Il ne sera obligatoire qu’à compter du 1er janvier 2024. Mais les Chambres d’agriculture, d’ores-et-déjà en ordre de marche, invitent les agriculteurs à l’anticiper pour éviter un gros embouteillage à la veille de l’échéance.

L’instauration du Conseil stratégique phytosanitaire (CSP) découle de la séparation de la vente et du conseil des produits phytos, elle-même issue de la loi Egalim du 30 octobre 2018. Avant le 31 décembre 2023, toute exploitation utilisatrice de produits phytos devoir reçu un premier conseil stratégique, à l’exception de celles en bio et en conversion (sur l’intégralité de l’exploitation) et de celles certifiées HVE. La tentation peut être forte d’attendre le dernier moment. D’abord parce que l’opération, en plus de constituer une nouvelle contrainte, va coûter un peu d’argent (entre 500 et 1000 euros).

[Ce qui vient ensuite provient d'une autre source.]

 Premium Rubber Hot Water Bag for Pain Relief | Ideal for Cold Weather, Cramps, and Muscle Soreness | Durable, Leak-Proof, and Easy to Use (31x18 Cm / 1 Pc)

Ensuite parce que sa réalisation aura pour effet de programmer le deuxième CSP, la loi imposant la réalisation de deux CSP espacés de deux à trois ans en cinq ans.

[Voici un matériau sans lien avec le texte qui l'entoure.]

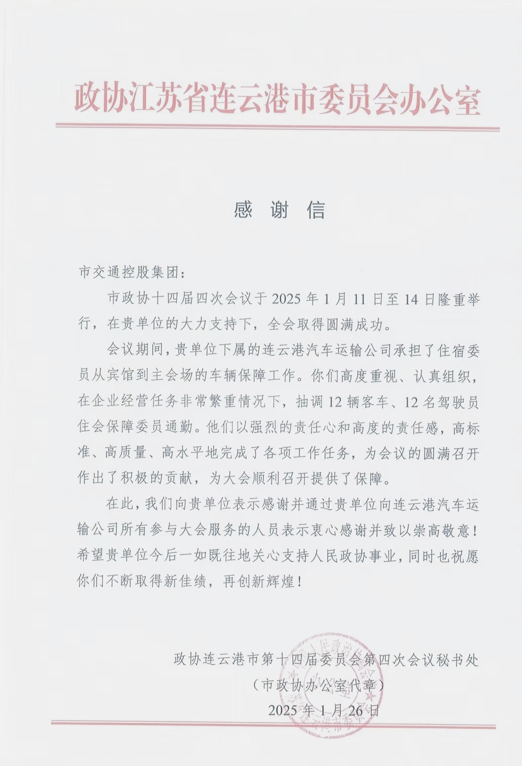 政協(xié)連云港市第十四屆委員會(huì )第四次會(huì )議秘書(shū)處在感謝信中,不僅向市交通控股集團所屬的連云港汽車(chē)運輸有限公司表達誠摯謝意,還向所有參與服務(wù)的人員致以崇高敬意。

Un risque patent d’embouteillage

Dès 2021, les Chambres d’agriculture se sont emparées du sujet, en commençant par former des conseillers et en réalisant des CSP « à blanc » pour tester le dispositif. « Aujourd’hui, notre offre est d’ores-et-déjà disponible sur 95% du territoire, déclare Sébastien Windsor, président de l’APCA. Le réseau mobilise 90 équivalents temps plein pour réaliser les CSP, ne mission qui devrait très largement échoir aux Chambres, peu d’acteurs s’étant positionnés sur cette prestation. Afin de ne pas risquer l’embouteillage à l’approche de l’échéance réglementaire, nous invitons les agriculteurs à faire preuve d’anticipation pour s’assurer d’être conformité avec la loi ».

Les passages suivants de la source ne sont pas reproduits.